**INFORMATION PROVIDED:**
• • • •
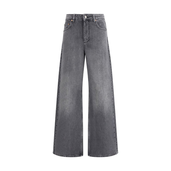 The Moon Laser Grey Wash Denim High-Waist Flare Jeans by Marine Serre feature a high-rise waist and regular-length flared leg, blending contemporary style with retro inspiration. Crafted from premium denim, they include a zipper and button closure, five-pocket construction, and belt loops. The signature laser-printed Moon motif adorns the back, while cotton twill front pockets and a leather logo patch add refined finishing touches emblematic of Marine Serre’s unique aesthetic.
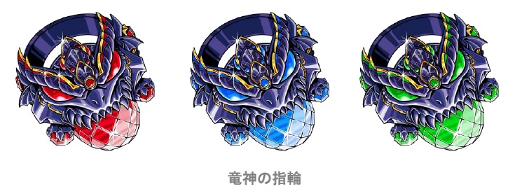 カードを“SSSレア”から“GODレア”に進化させるには、「コロシアム」内に設置された“ドラゴンメダル交換所”で入手できる『竜神の指輪』が必要になります。 (GODレアへ進化させる際は、各カードの属性に合った『竜神の指輪』が必要です。)
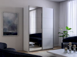 Серия «Прайм» отличается доступностью и функциональностью Навесные двери и лаконичная отделка фасадов создают прогрессивный дизайн. Подойдет тем, кто любит компактную и изящную мебель. Алюминиевые ручки и верхний ходовой профиль обеспечивают легкость и прочность конструкции. Многолетняя безупречная работа благодаря высококачественной немецкой фурнитуре Hettich. Прочная ПВХ-кромка толщиной до 1 мм защищает края от сколов и повреждений. Плавный ход дверей обеспечивает надежная система Hettich Top Line M. Дополнительно можно установить доводчики. Снаружи нет заглушек и винтов благодаря стяжечной системе крепления полок на флипперах, а корпус усилен эксцентриковыми стяжками. Навесные двери скрывают раздвижной механизм от глаз. Они надежно удерживаются в направляющих и не соскакивают. Каждая дверь поделена на 4 секции Секции расставляются в произвольном порядке, создавая новый дизайн фасада.
• • • •
Your reply should restate the data above word for word and contain no pictures.

**SOLVED PROBLEM:**
 The Moon Laser Grey Wash Denim High-Waist Flare Jeans by Marine Serre feature a high-rise waist and regular-length flared leg, blending contemporary style with retro inspiration. Crafted from premium denim, they include a zipper and button closure, five-pocket construction, and belt loops. The signature laser-printed Moon motif adorns the back, while cotton twill front pockets and a leather logo patch add refined finishing touches emblematic of Marine Serre’s unique aesthetic.
 カードを“SSSレア”から“GODレア”に進化させるには、「コロシアム」内に設置された“ドラゴンメダル交換所”で入手できる『竜神の指輪』が必要になります。 (GODレアへ進化させる際は、各カードの属性に合った『竜神の指輪』が必要です。)
 Серия «Прайм» отличается доступностью и функциональностью Навесные двери и лаконичная отделка фасадов создают прогрессивный дизайн. Подойдет тем, кто любит компактную и изящную мебель. Алюминиевые ручки и верхний ходовой профиль обеспечивают легкость и прочность конструкции. Многолетняя безупречная работа благодаря высококачественной немецкой фурнитуре Hettich. Прочная ПВХ-кромка толщиной до 1 мм защищает края от сколов и повреждений. Плавный ход дверей обеспечивает надежная система Hettich Top Line M. Дополнительно можно установить доводчики. Снаружи нет заглушек и винтов благодаря стяжечной системе крепления полок на флипперах, а корпус усилен эксцентриковыми стяжками. Навесные двери скрывают раздвижной механизм от глаз. Они надежно удерживаются в направляющих и не соскакивают. Каждая дверь поделена на 4 секции Секции расставляются в произвольном порядке, создавая новый дизайн фасада.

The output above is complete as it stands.